● **Exercise goal**
In this exercise, print only the lines from the line with "A partir de" to the last line of the data below, inclusive. Any pictures should be left out.

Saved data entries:

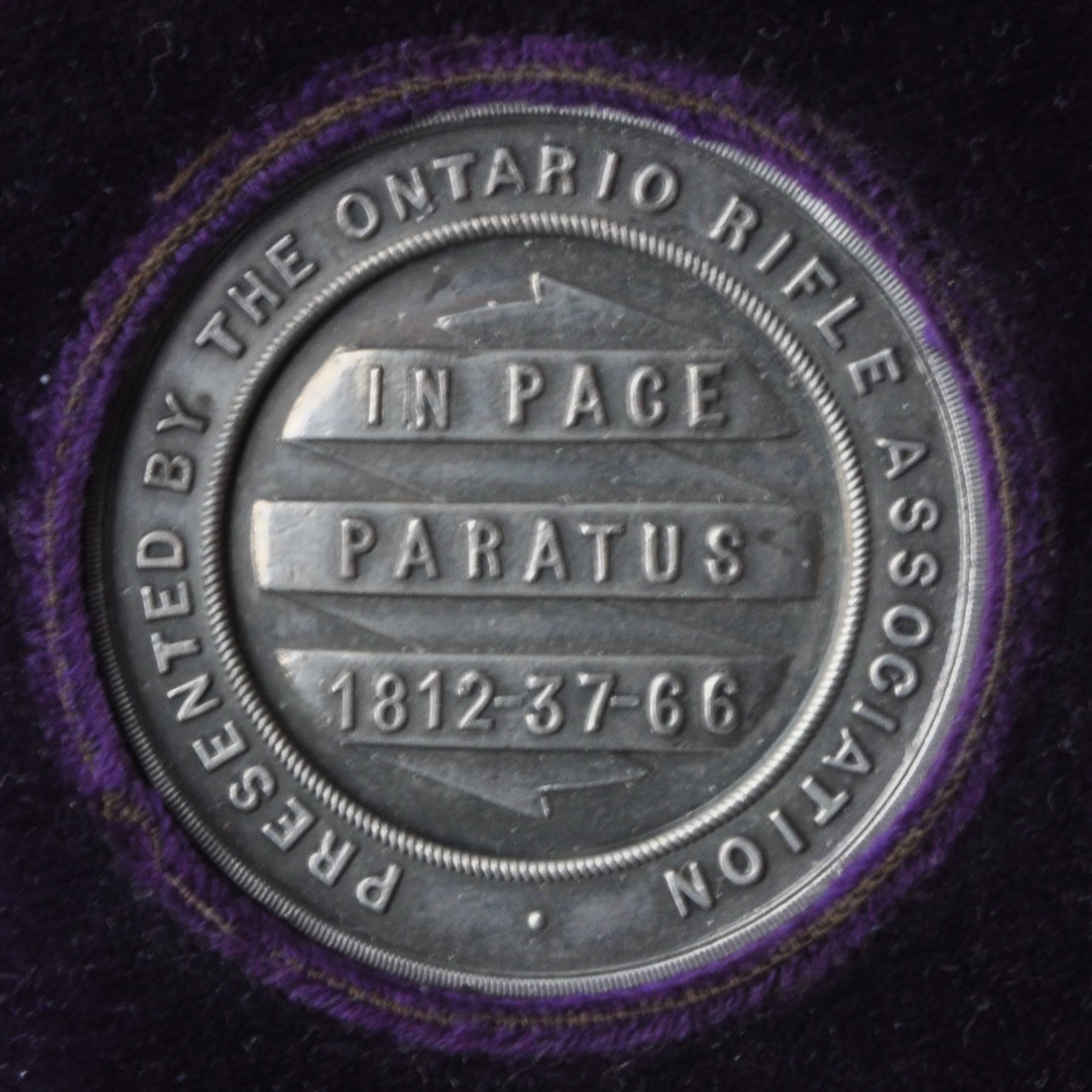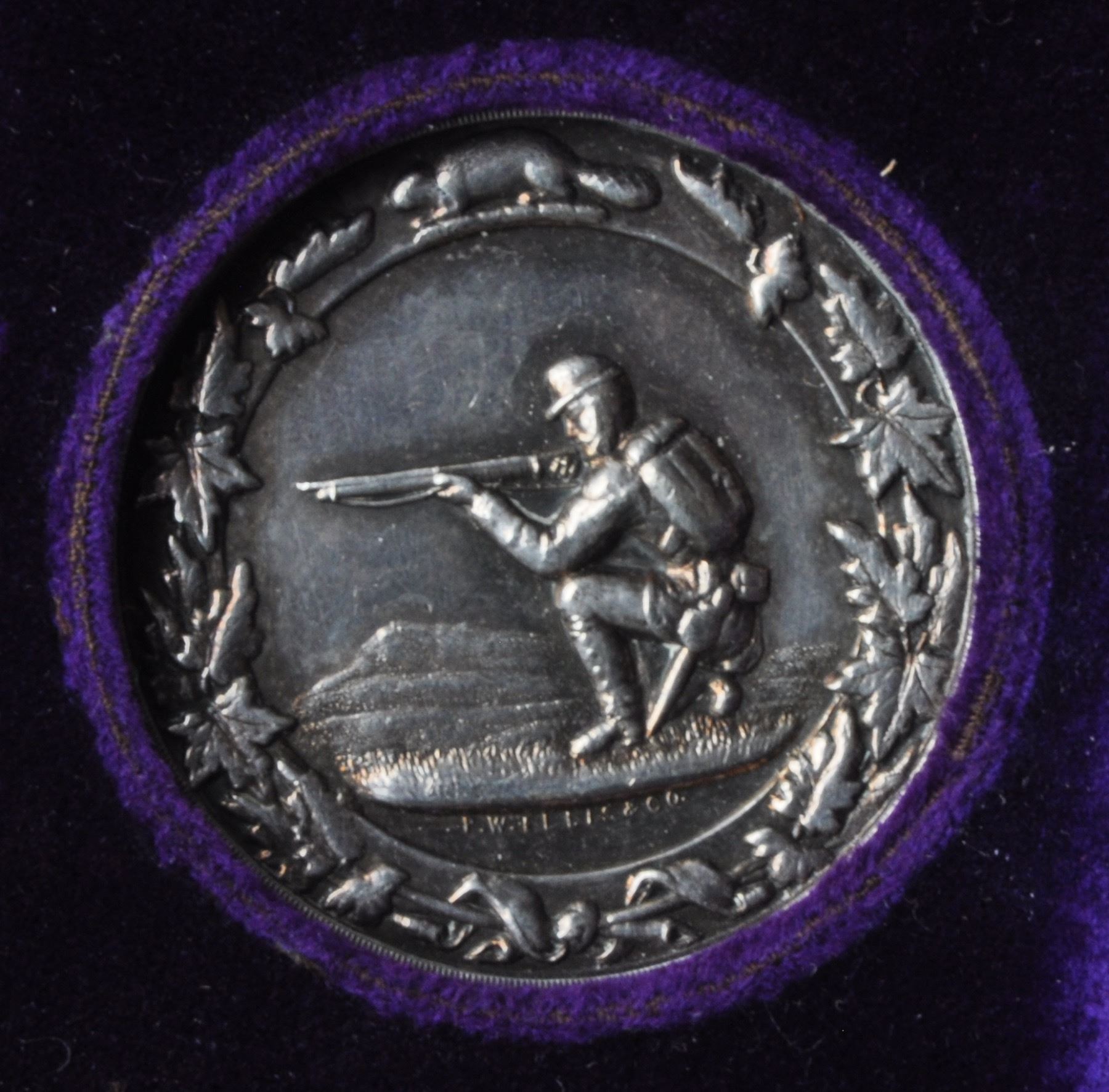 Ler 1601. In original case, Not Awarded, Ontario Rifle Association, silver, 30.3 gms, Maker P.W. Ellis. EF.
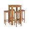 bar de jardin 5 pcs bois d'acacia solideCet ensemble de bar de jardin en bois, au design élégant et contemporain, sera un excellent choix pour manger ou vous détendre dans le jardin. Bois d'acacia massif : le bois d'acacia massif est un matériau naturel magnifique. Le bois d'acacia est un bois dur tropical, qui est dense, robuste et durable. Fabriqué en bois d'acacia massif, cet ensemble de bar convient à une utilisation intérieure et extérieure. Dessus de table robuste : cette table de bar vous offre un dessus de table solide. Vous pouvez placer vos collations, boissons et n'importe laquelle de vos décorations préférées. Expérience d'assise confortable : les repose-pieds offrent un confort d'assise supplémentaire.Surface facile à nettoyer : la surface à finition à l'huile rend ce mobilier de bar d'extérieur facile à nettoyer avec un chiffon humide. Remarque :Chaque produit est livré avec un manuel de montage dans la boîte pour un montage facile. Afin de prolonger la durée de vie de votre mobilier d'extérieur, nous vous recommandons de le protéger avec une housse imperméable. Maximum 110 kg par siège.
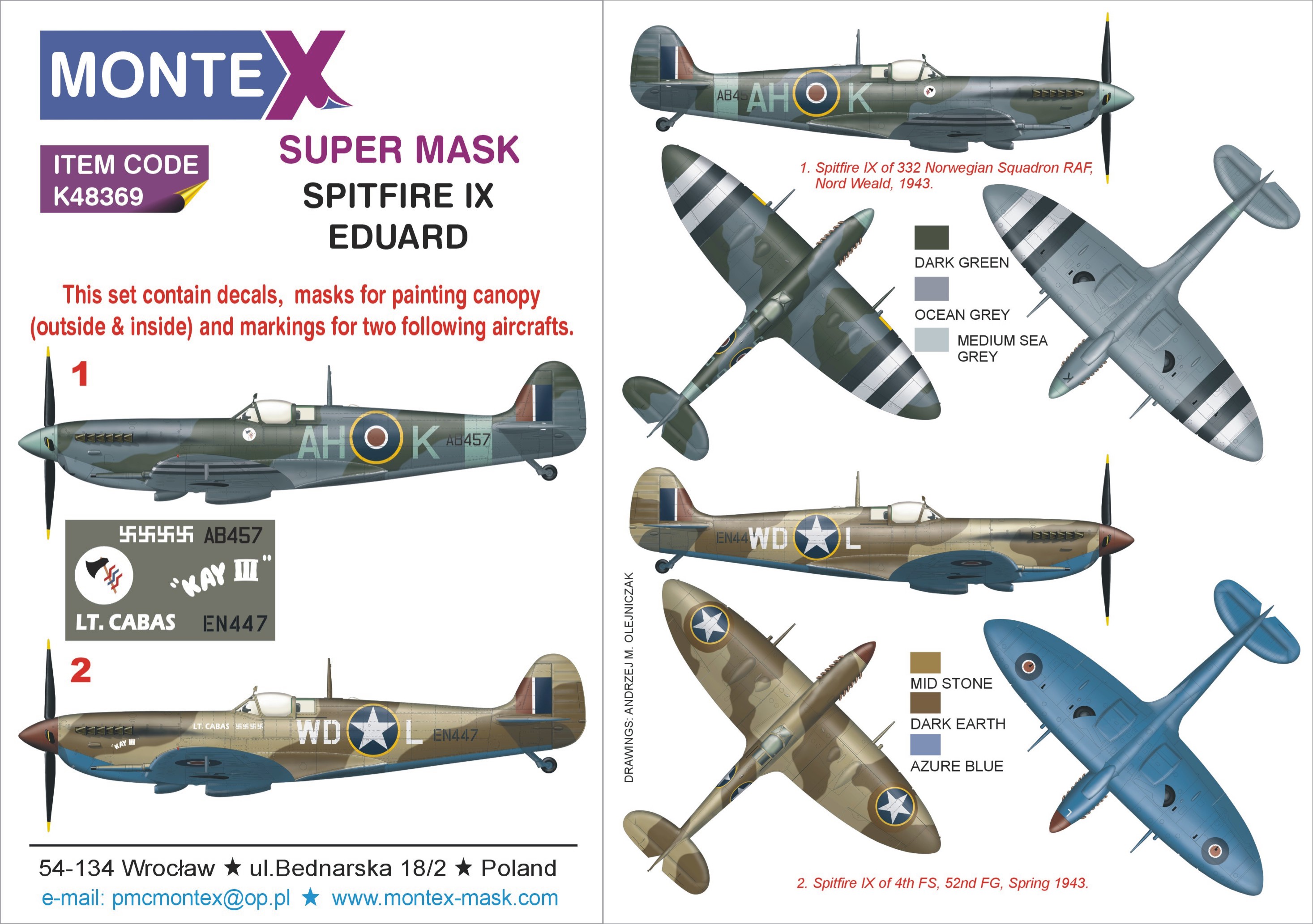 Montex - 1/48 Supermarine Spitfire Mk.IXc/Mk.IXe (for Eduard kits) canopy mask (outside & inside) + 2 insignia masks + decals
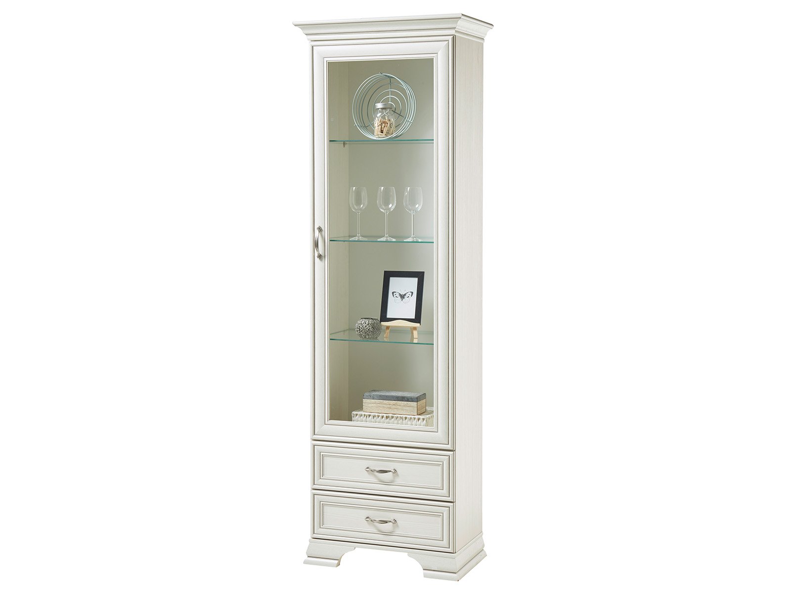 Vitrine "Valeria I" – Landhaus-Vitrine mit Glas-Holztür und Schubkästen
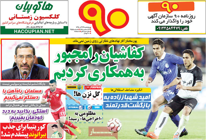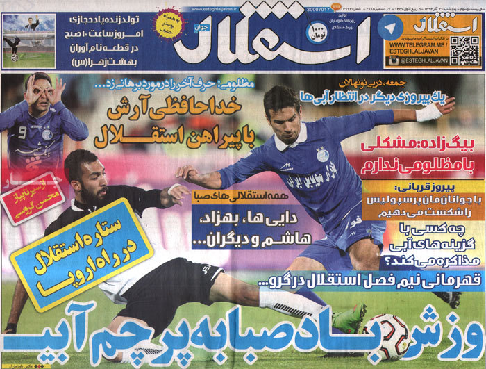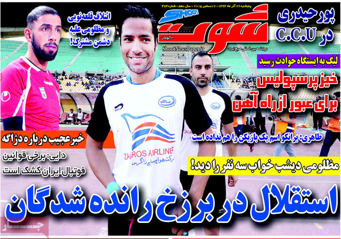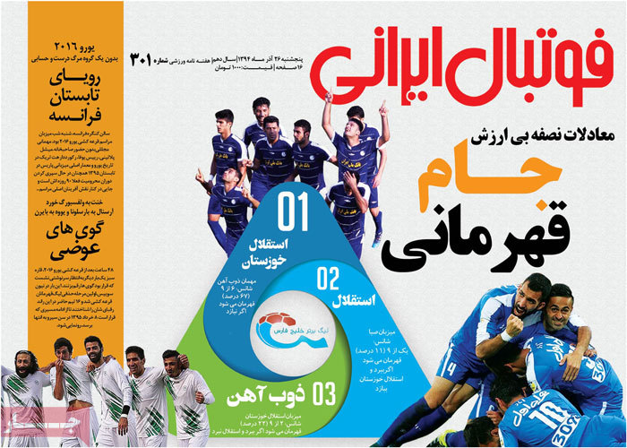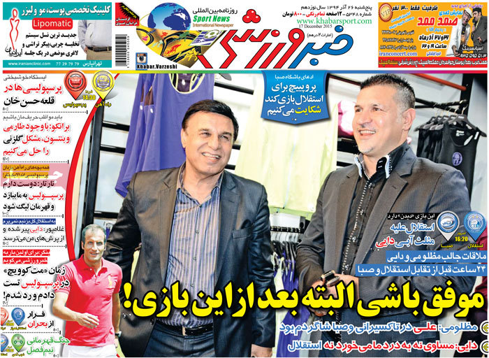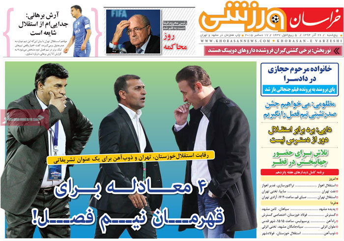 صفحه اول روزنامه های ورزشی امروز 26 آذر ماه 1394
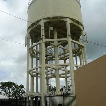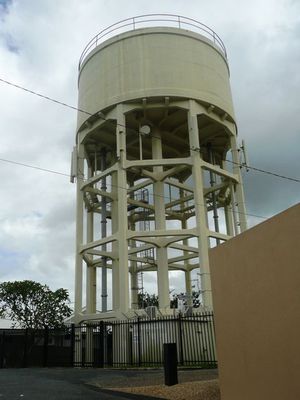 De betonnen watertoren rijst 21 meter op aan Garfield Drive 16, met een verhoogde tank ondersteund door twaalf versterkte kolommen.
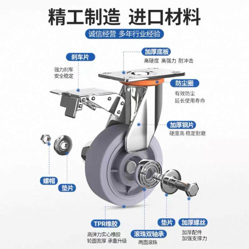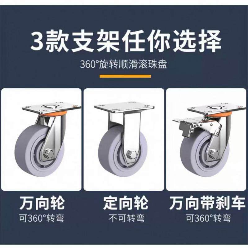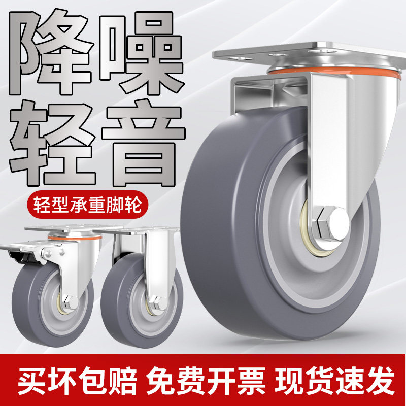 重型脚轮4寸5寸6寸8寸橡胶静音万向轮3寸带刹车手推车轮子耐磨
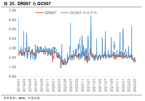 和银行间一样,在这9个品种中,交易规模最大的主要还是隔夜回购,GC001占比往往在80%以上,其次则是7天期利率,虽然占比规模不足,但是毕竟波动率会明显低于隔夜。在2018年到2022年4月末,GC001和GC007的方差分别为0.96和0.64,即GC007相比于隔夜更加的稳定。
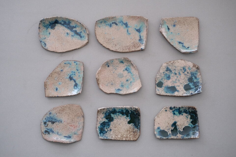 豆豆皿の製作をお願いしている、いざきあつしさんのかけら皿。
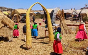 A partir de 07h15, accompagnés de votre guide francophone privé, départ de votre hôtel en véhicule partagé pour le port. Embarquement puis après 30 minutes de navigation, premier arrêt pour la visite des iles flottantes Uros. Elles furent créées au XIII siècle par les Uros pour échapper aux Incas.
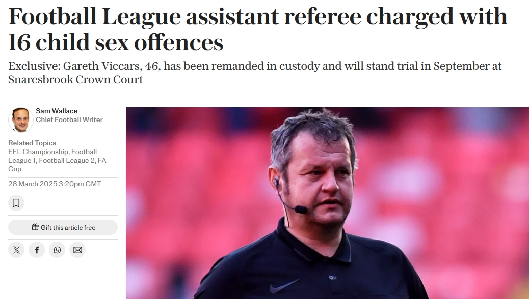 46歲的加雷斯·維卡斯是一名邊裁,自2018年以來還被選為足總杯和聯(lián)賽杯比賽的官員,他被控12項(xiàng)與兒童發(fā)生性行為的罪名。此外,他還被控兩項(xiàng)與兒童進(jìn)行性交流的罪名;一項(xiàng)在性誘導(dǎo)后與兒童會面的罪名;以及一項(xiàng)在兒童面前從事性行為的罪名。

● **Result of this task**
 A partir de 07h15, accompagnés de votre guide francophone privé, départ de votre hôtel en véhicule partagé pour le port. Embarquement puis après 30 minutes de navigation, premier arrêt pour la visite des iles flottantes Uros. Elles furent créées au XIII siècle par les Uros pour échapper aux Incas.
 46歲的加雷斯·維卡斯是一名邊裁,自2018年以來還被選為足總杯和聯(lián)賽杯比賽的官員,他被控12項(xiàng)與兒童發(fā)生性行為的罪名。此外,他還被控兩項(xiàng)與兒童進(jìn)行性交流的罪名;一項(xiàng)在性誘導(dǎo)后與兒童會面的罪名;以及一項(xiàng)在兒童面前從事性行為的罪名。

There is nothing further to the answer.